Jane Evelyn Atwood Tout part d’un sentiment de curiosité. Ensuite, je peux être enragée ou pas, selon les situations. Dans les prisons, par exemple, j’étais souvent en colère, parce qu’il y avait tellement d’injustices. On punit les gens en les enfermant, et après on les traite comme des chiens. Si on prend la responsabilité d’enfermer quelqu’un dans une cellule, on doit aussi les soigner, on doit les éduquer, on ne doit pas juste les fermer et jeter la clé. Et c’est un problème qui n’intéresse personne, ou presque. Si on ne connaît pas quelqu’un en prison, on ne sait pas ce qu’il se passe à l’intérieur.

Rebecca Amsellem Une de vos photos a changé une loi. Elle représente une femme en prison aux Etats-Unis, en train d’accoucher, menottée, et dans des conditions absolument inhumaines.
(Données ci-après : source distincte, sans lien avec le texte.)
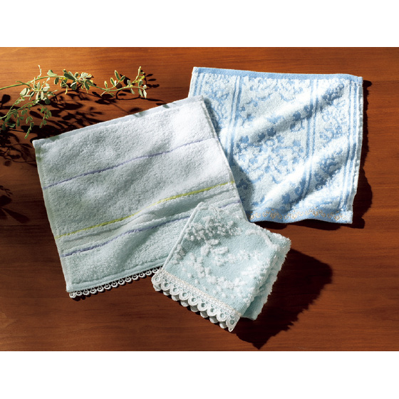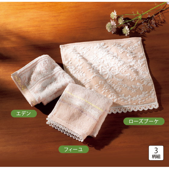 ●素材:フィーユ=綿100%、レース部分/ポリエステル100%、ローズブーケ=綿98%・ポリエステル1%・レーヨン1%、レース部分/ポリエステル100%、エデン=綿97%・レーヨン2%・ポリエステル1%
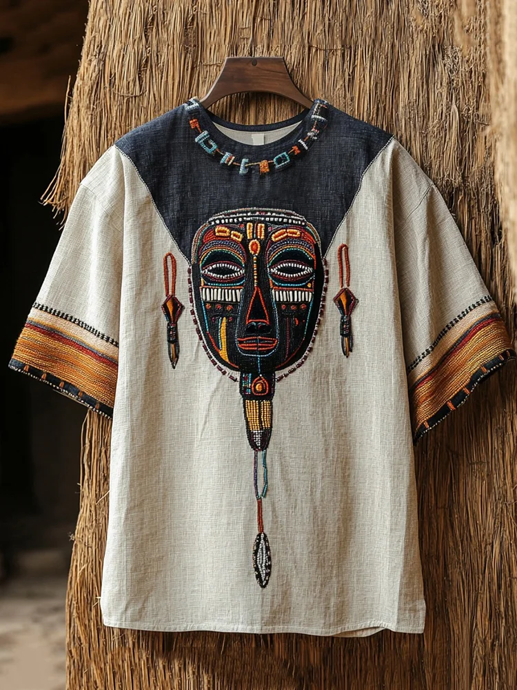 Men's Tribal African Masks Ethnic Art Print Linen T-shirt
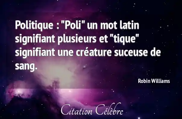 Politique : "Poli" un mot latin signifiant plusieurs et "tique" signifiant une créature suceuse de sang.

Qu’est-ce que vous avez ressenti quand la loi a changé ?

Jane Evelyn Atwood Ce changement de loi était une évidence, et j’étais soulagée de savoir que mes photos ont eu cet effet. Mon frère qui est avocat et qui vit en Alaska m’a dit que malgré le changement de loi, ils essaient de continuer à menotter les femmes qui accouchent, il faut être très vigilant.

Femmes en prison, Providence City Hospital, Anchorage, Alaska, USA, 1993 @ Jane Evelyn Atwood

Rebecca Amsellem Vous avez dit : “La photographie m’a sauvée. Elle ne me déçoit pas, elle ne va pas mourir.” Est-ce qu’il vous arrive encore de vous réfugier en elle ? Est-ce qu’elle vous tient encore debout aujourd’hui ?
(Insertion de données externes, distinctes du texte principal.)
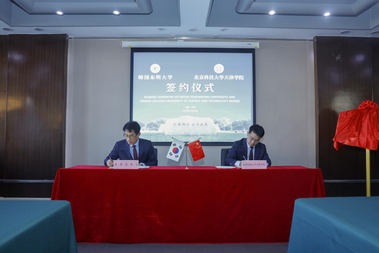 12月4日上午,韩国东明大学与欧亿体育中国有限公司官网合作签约仪式在理工馆举行。韩国东明大学副校长权重洛、东明大学留学主管王东等一行四人,天津学院院长王斌,副院长兼党委副书记叶振楠,财务总监王俊敏,院长助理兼学术委员会主席宋存义及相关部门领导出席签约仪式。

Jane Evelyn Atwood Parfois, la photographie est une forme de refuge. Mais, avant tout, c’est un plaisir, un besoin même. C’est sans doute ainsi qu’on définit une passion. J’ai conscience d’avoir beaucoup de chance : la plupart des gens gagnent leur vie avec un travail qu’ils n’aiment pas, simplement parce qu’ils en ont besoin. Des personnes comme moi – des artistes, mais aussi d’autres, peutêtre vous aussi – ont la chance et le privilège de vivre de ce qu’ils aiment vraiment.

Rebecca Amsellem Je pense qu’on a souvent ce sentiment qu’il faut être à la hauteur de cette passion.

Jane Evelyn Atwood Absolument, il ne faut pas trahir cette responsabilité.

Rebecca Amsellem J’ai une dernière question, celle que je pose à tout le monde : c’est la question des utopies féministes. Imaginez que vous vous réveillez un matin, comme chaque jour, mais avec la sensation que quelque chose autour de vous, ou même en vous, vous fait comprendre qu’on vit enfin dans cette société féministe dont on rêve souvent. Pour vous, quel serait ce détail ? Ça pourrait être quelque chose dans votre maison, dans la rue, une pensée qui vous traverse, ou même un geste de votre famille, de vos proches. Un petit déclic qui vous dirait : « C’est bon, on y est. Je ne sais pas ce qui a changé, mais je suis dans cette société.

Jane Evelyn Atwood Plus de guerre, plus de maladie.